Папиков хотел сам проделать первичную хирургическую обработку, но дала себя знать контузия. У него появился небольшой тремор кисти правой руки. Папиков поручил работу молодому дежурному хирургу, находившемуся здесь же, в операционной.

– Давайте, лейтенант, а я буду вам ассистировать, – серьезно сказал Папиков.

– Ничего себе! – усмехнулся чернявый лейтенант. – Это я детям и внукам расскажу!

Лейтенант обколол рану новокаином, иссек все края до максимальной глубины, обработал фурацилином, смочил края йодом и начал шить. В это время Папикова вызвали к начальнику госпиталя.

Дежурный хирург послойно сшил кетгутом[7] мышечные ткани, шелковыми нитками – кожную ткань, в нижнюю оконечность раны ввел турунду[8], а затем наложил рыхлую повязку из марли, ваты и бинтов так, чтобы содержимое раны отходило и впитывалось как можно быстрее и свободнее.

Утром следующего дня, еще до обхода, Папиков навестил Александру и сказал, что у него есть время сделать ей перевязку.

– Бог с вами, товарищ полковник, это не ваша работа!

– Ладно, – согласился Папиков, – тогда я пришлю того же врача, что был вчера.

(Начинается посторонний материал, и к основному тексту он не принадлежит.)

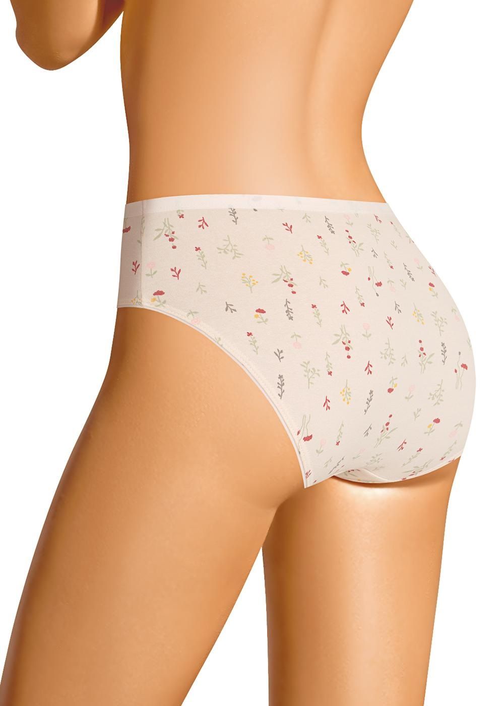 Трусы слипы женские из эластичного хлопкового полотна. Обработка краев по талии - широкая резинка в рубчик, по ноге - полуокантовка. Спереди принт.
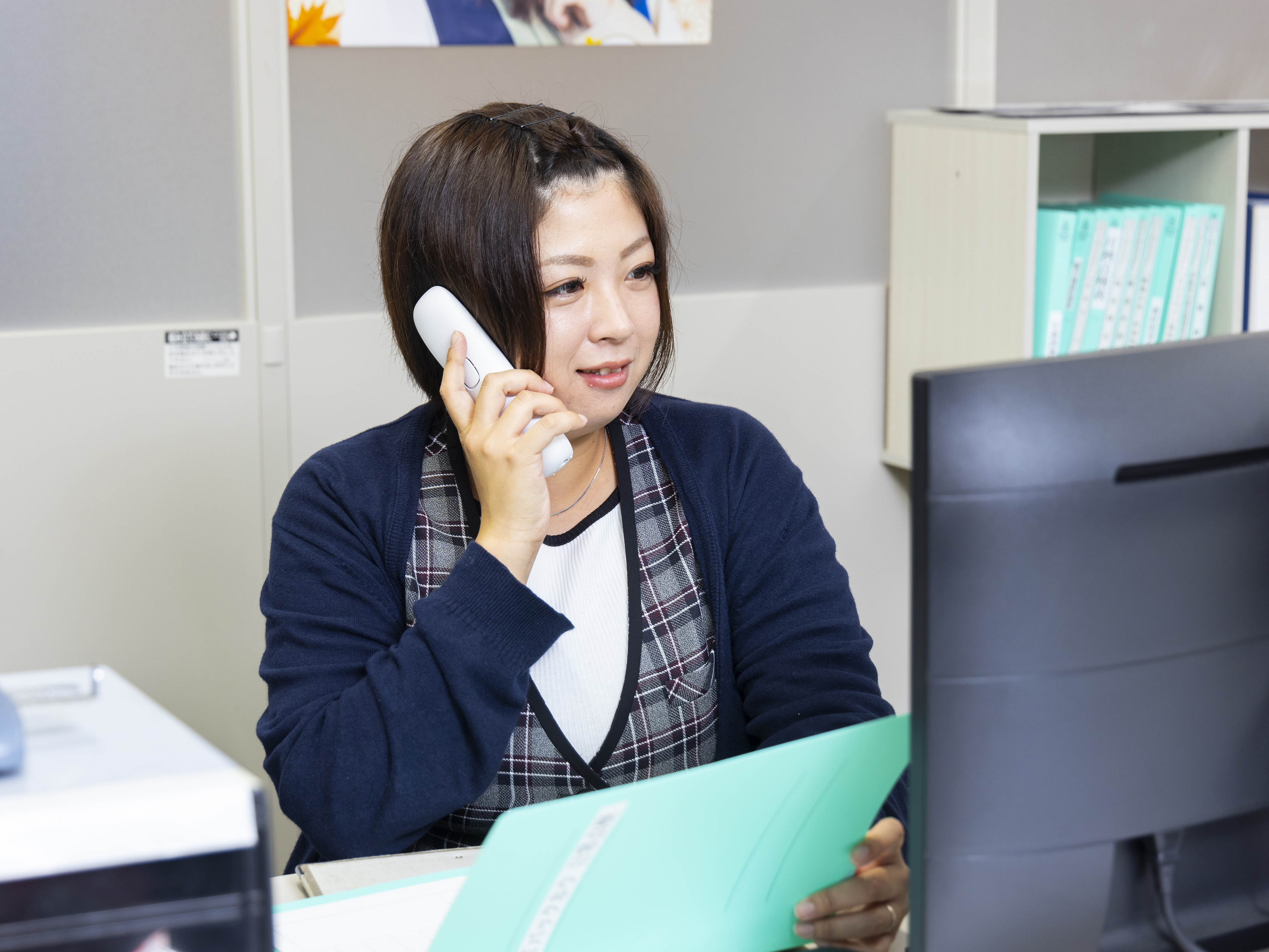 建設ヘルプスタッフが現場で働くスタッフをしっかりサポート。書類作成やデータ作り、電話対応等、現場スタッフが事務所に戻ってきてからの作業負担を減らすために、様々な業務を行っています。

Лейтенант, делавший перевязку, на этот раз не поставил турунду. Ему показалось, что все чисто. С медиками так нередко бывает: когда дело касается лечения их самих, то на ровном месте все вдруг пойдет наперекосяк и навыворот. Именно так случилось и с Александрой. К вечеру пятого дня у нее подскочила температура до 39,2 и появилась боль в ране. Александра не стала никого тревожить, решив, что к утру все образуется. К утру температура действительно снизилась, но боль в ране усилилась, стала почти нестерпимой. Она сказала об этом Папикову, который, как всегда, забежал ее проведать.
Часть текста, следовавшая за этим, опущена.